Дед немного помолчал, но вскоре вспомнил, что с соседом на другую тему хотел поговорить, и решил брать быка за рога.
— Санек, слышь, об чем хочу с тобой потолковать. Только, парень, смотри, отвечай честно, как на духу, потому как для меня это дело сурьезное.
— Скажу сразу, — Санек потушил бычок о пепельницу, — насчет женщин не помню, сколько у меня их было.
— Тьфу на тебя! Я об другом! Ты в этой, ихней Америке был?
— Ну, был…
— Хорошенько все обсмотрел?
— Не знаю, я в семи штатах был.
— Ого!
— Слышь, Санек, а какие они, американцы?
— Ну, люди, типа нас.
— Да не об этом я! Ну, они могут нам зла желать?
— Не знаю, я об этом их не спрашивал.
— А какие они промеж собой? Что тебе в них понравилось, что ли?
— Они никого не боятся. Там правительства, инфляции. Не воруют. Если из грузовика упали пачки с печеньем, могут, хоть сколько, лежать, их не тронут.
— Зажрались, и вправду. Санек, а могут они там хвори нам всякие посылать? Оружие невидимое на нас испытывать?
— Дед, тут я — пас, не знаю. Но Америка мне определенно симпатична. Они о людях реально заботятся, о больных, стариках. Если бы мы с тобой были американцами, мы сейчас бы лечились на Мертвом море, и результат такого лечения был бы скорей положительный, чем отрицательный.
— Чудно у них…
— И еще я, дед, тебе скажу вот что: тупые фильмы про Америку, которые крутят у нас, неправда. Американцы их тоже не любят. Там все для человека, говорю тебе. Общага, в которой я жил, круче родительской «хрущевки».
Внезапно в коридоре раздался вскрик. Это вездесущая бабка Пелагея ойкнула. Дед выглянул.
— Видал, видал, какое у нас пополнение, — сказала она ему, тыча пальцем в молодую девушку, — двадцать шесть годков всего. Ой ты, Господи, что это такое делается на свете белом? Где правда? Али ее нету совсем? У меня внучка ее возраста.
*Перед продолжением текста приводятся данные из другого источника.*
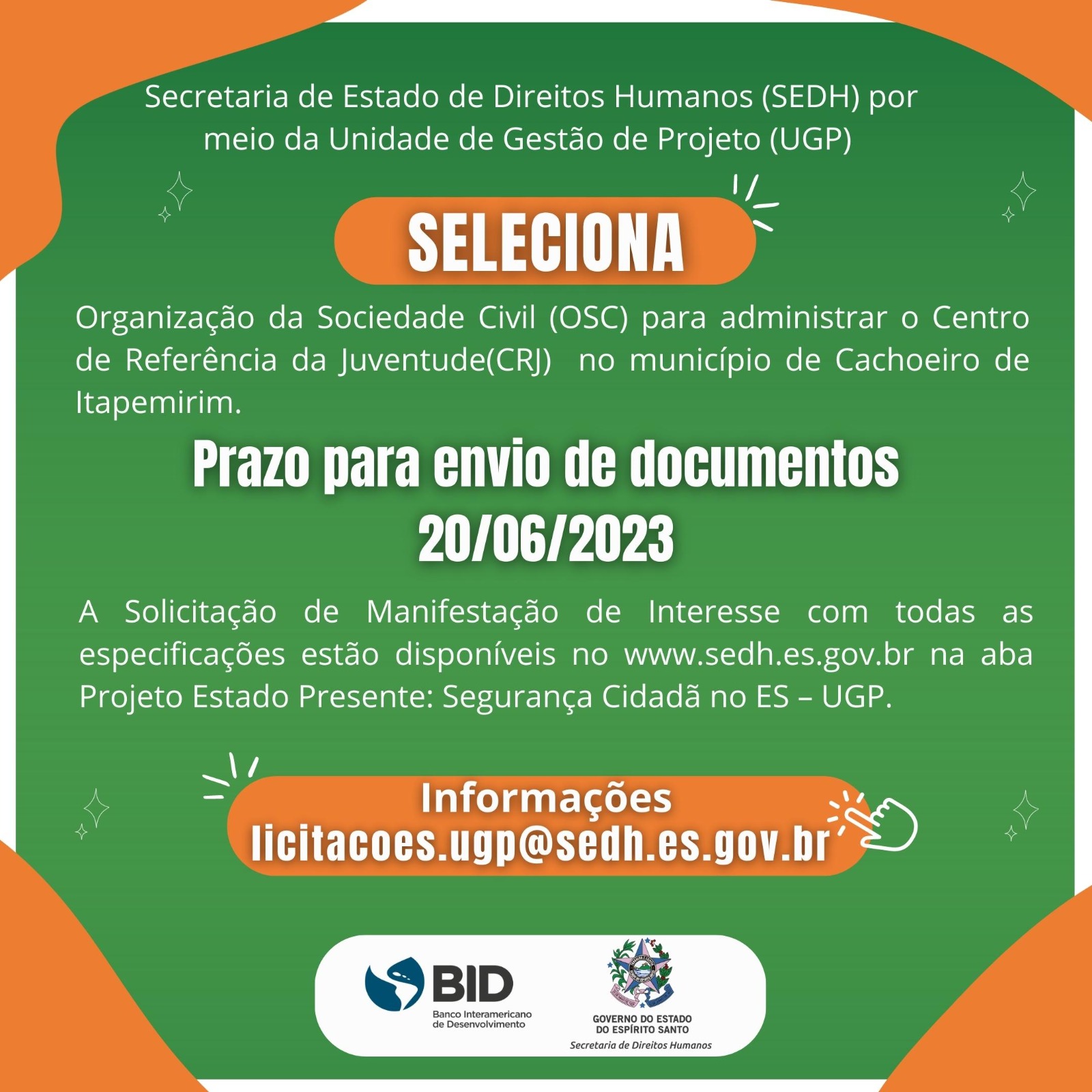 A Secretaria de Direitos Humanos (SEDH), por meio da Unidade de Gestão de Projeto (UGP), está selecionando uma Organização da Sociedade Civil (OSC) para administrar o Centro de Referência das Juventudes (CRJ), localizado no município de Cachoeiro de Itapemirim. O prazo para a manifestação de interesse é até o dia 20 de junho.

В банке работает, замуж собирается… Да как же так?
— Ну, затрещала, запричитала сорока, — буркнул дед и закрыл дверь, повернулся к соседу и, поймав нить разговора, продолжил: — по-твоему, выходит, американцы в наших болезнях не виноваты. А кто ж тогда? А?
Вопрос повис в воздухе, Саньку явно было не до разговоров, он достал наушники из тумбочки и стал слушать музыку. Дед покряхтел и отвернулся. Сквозь тоненькую щель в форточке ворвался в палату свежий весенний ветерок и шаловливо играл плохо отутюженными старыми шторами. Дед по старой привычке заткнул уши ватой и прилег на койку. Ему предстояло обдумать информацию об американцах и попытаться разобраться в вопросе, кто же виноват. Он думал, вспоминал разговоры с молодежью, сравнивал их со своими ровесниками, потом с теми, кто помладше, и пришел к выводу, что сегодняшняя молодежь совсем никудышная, порченная на корню. С каждым годом все хуже и хуже. Растление кругом идет по полной. Эх, куда катимся? Вспомнил, как получил со своей Натальей комнату в общежитии — сколько радости было. Крылечки, между прочим, общественные не мыли, вылизывали, соревновались друг с дружкой, у кого чище. На восьми квадратных метрах жили, а сколько счастья было! Васька Пырьев, бывало, утром подойдет к окну в выходной день, свиснет, а удочки на антресолях еще с вчерашнего вечера приготовлены, ждут…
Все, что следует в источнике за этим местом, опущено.